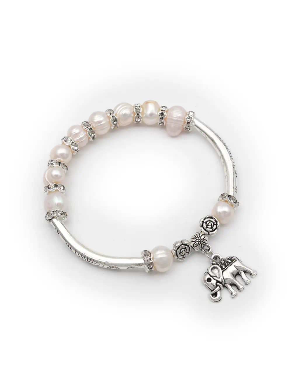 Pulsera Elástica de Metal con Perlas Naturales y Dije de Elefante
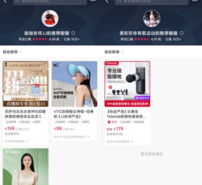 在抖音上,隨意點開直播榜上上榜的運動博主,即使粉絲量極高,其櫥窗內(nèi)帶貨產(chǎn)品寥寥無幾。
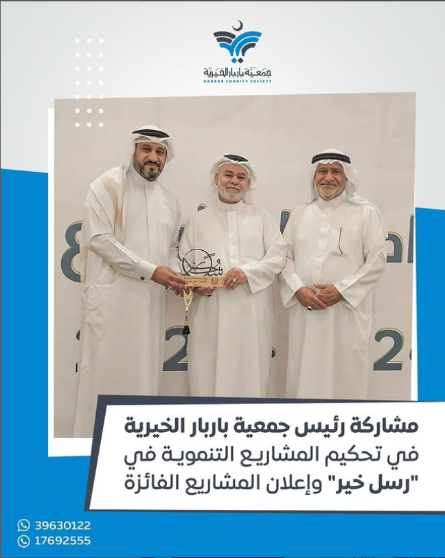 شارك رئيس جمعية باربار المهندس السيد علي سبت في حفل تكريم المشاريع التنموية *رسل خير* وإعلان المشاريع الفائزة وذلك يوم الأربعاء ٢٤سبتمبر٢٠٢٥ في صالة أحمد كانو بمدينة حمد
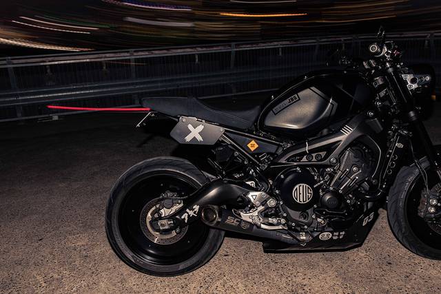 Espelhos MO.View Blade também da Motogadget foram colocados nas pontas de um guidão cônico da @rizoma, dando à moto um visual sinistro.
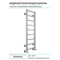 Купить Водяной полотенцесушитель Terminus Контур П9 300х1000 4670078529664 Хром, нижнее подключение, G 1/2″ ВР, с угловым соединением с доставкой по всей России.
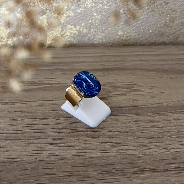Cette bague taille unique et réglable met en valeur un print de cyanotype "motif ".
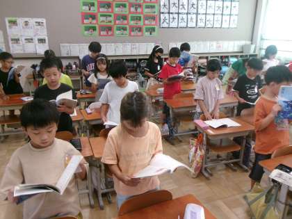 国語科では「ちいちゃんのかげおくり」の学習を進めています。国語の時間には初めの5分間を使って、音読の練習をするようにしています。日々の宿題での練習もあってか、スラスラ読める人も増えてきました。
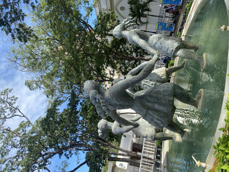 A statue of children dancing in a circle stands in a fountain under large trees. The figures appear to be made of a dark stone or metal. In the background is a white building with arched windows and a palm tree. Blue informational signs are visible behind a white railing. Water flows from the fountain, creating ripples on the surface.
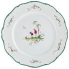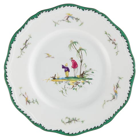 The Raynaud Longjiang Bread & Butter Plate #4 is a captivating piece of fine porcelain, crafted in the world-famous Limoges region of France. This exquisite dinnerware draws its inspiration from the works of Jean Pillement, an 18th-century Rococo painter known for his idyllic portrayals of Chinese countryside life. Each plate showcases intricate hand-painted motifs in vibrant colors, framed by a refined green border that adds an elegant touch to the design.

# # # #

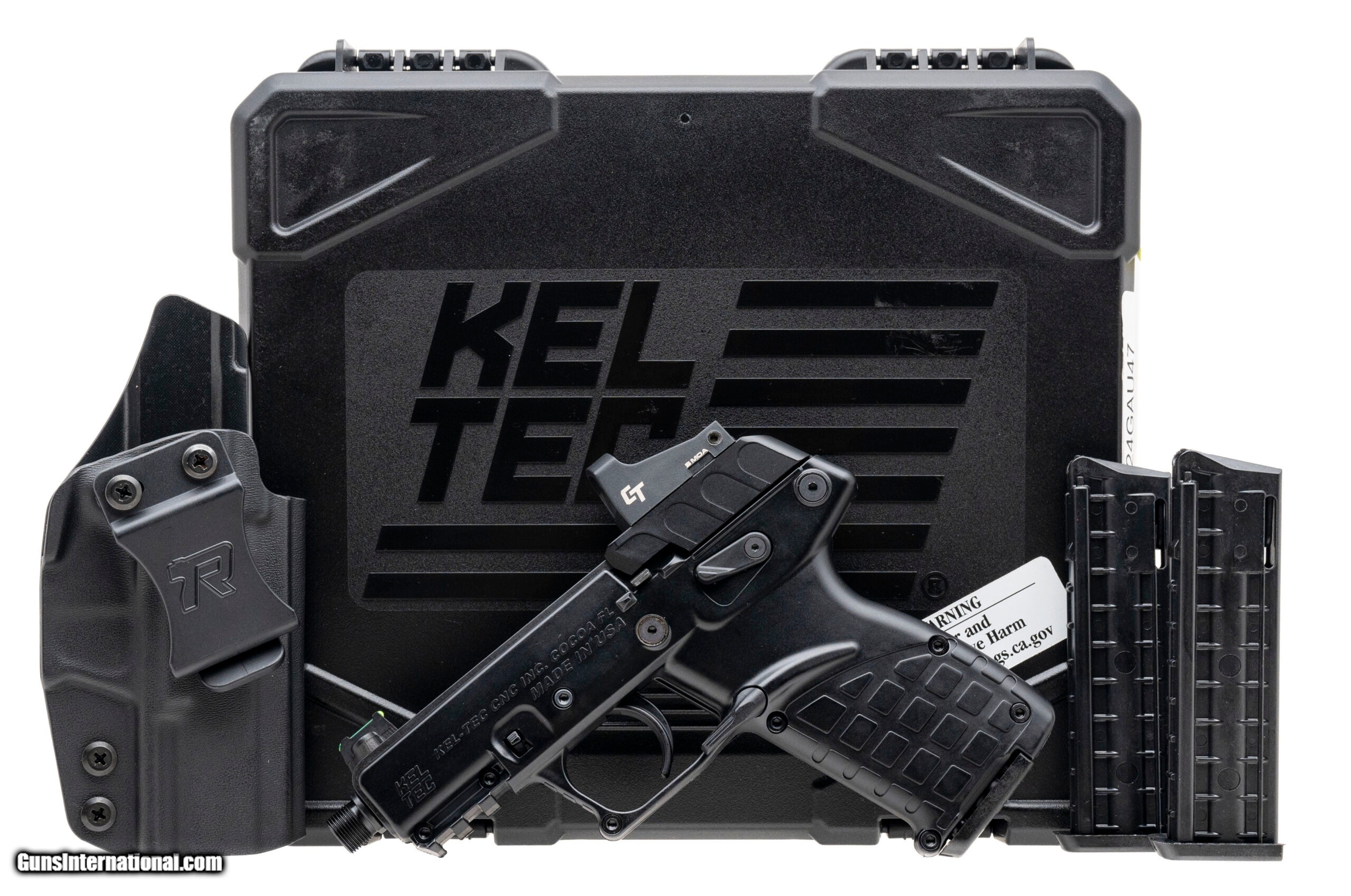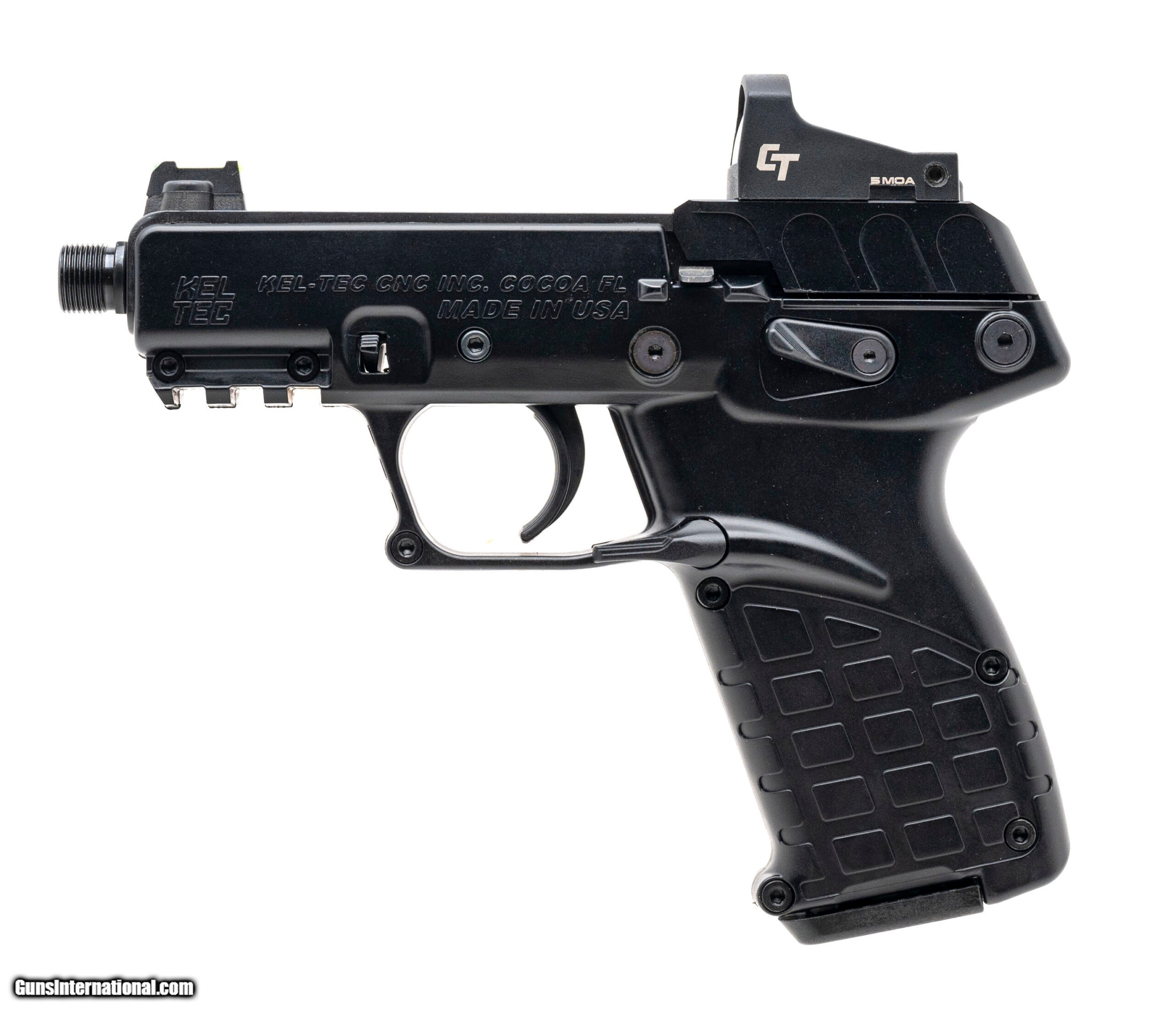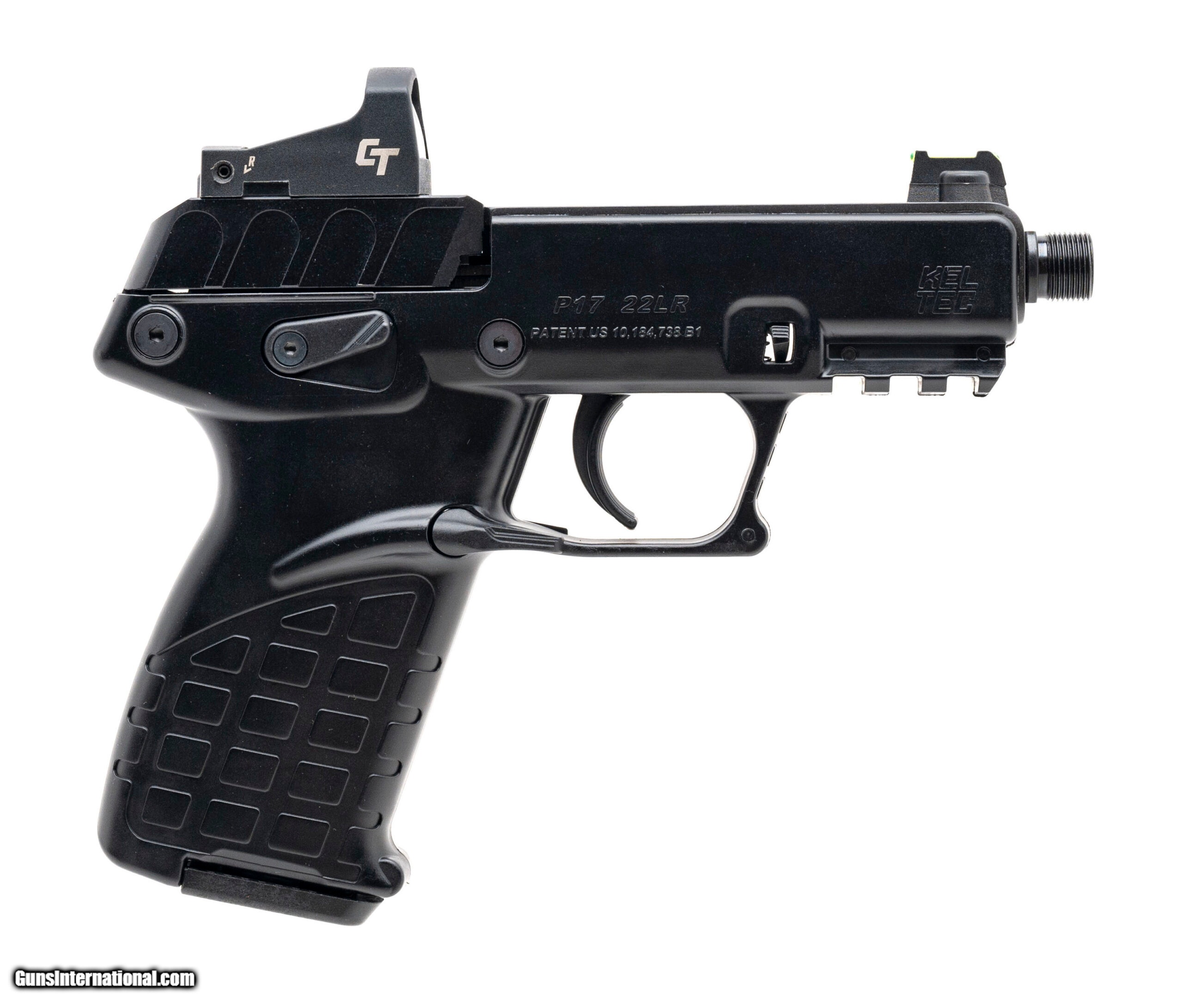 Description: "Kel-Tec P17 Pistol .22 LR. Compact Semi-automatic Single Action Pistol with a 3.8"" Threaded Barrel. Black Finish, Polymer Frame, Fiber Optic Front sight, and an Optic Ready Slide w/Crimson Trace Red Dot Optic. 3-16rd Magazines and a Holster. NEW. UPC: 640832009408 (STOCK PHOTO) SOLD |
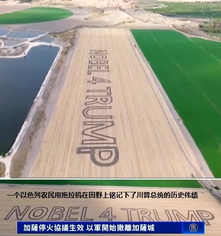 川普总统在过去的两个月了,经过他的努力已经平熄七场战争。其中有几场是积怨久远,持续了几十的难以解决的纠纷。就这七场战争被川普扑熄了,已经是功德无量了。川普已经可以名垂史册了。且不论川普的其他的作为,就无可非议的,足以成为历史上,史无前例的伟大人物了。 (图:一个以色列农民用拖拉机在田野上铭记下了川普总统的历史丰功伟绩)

# # # #

§ **WHAT IS EXPECTED**
In the entries above, find the line containing "Pulsera Elástica de" and the line containing "Espelhos MO.View Blade", then copy both and every line between them exactly, without any picture.

§ **TASK ANSWER**
 Pulsera Elástica de Metal con Perlas Naturales y Dije de Elefante
 在抖音上,隨意點開直播榜上上榜的運動博主,即使粉絲量極高,其櫥窗內(nèi)帶貨產(chǎn)品寥寥無幾。
 شارك رئيس جمعية باربار المهندس السيد علي سبت في حفل تكريم المشاريع التنموية *رسل خير* وإعلان المشاريع الفائزة وذلك يوم الأربعاء ٢٤سبتمبر٢٠٢٥ في صالة أحمد كانو بمدينة حمد
 Espelhos MO.View Blade também da Motogadget foram colocados nas pontas de um guidão cônico da @rizoma, dando à moto um visual sinistro.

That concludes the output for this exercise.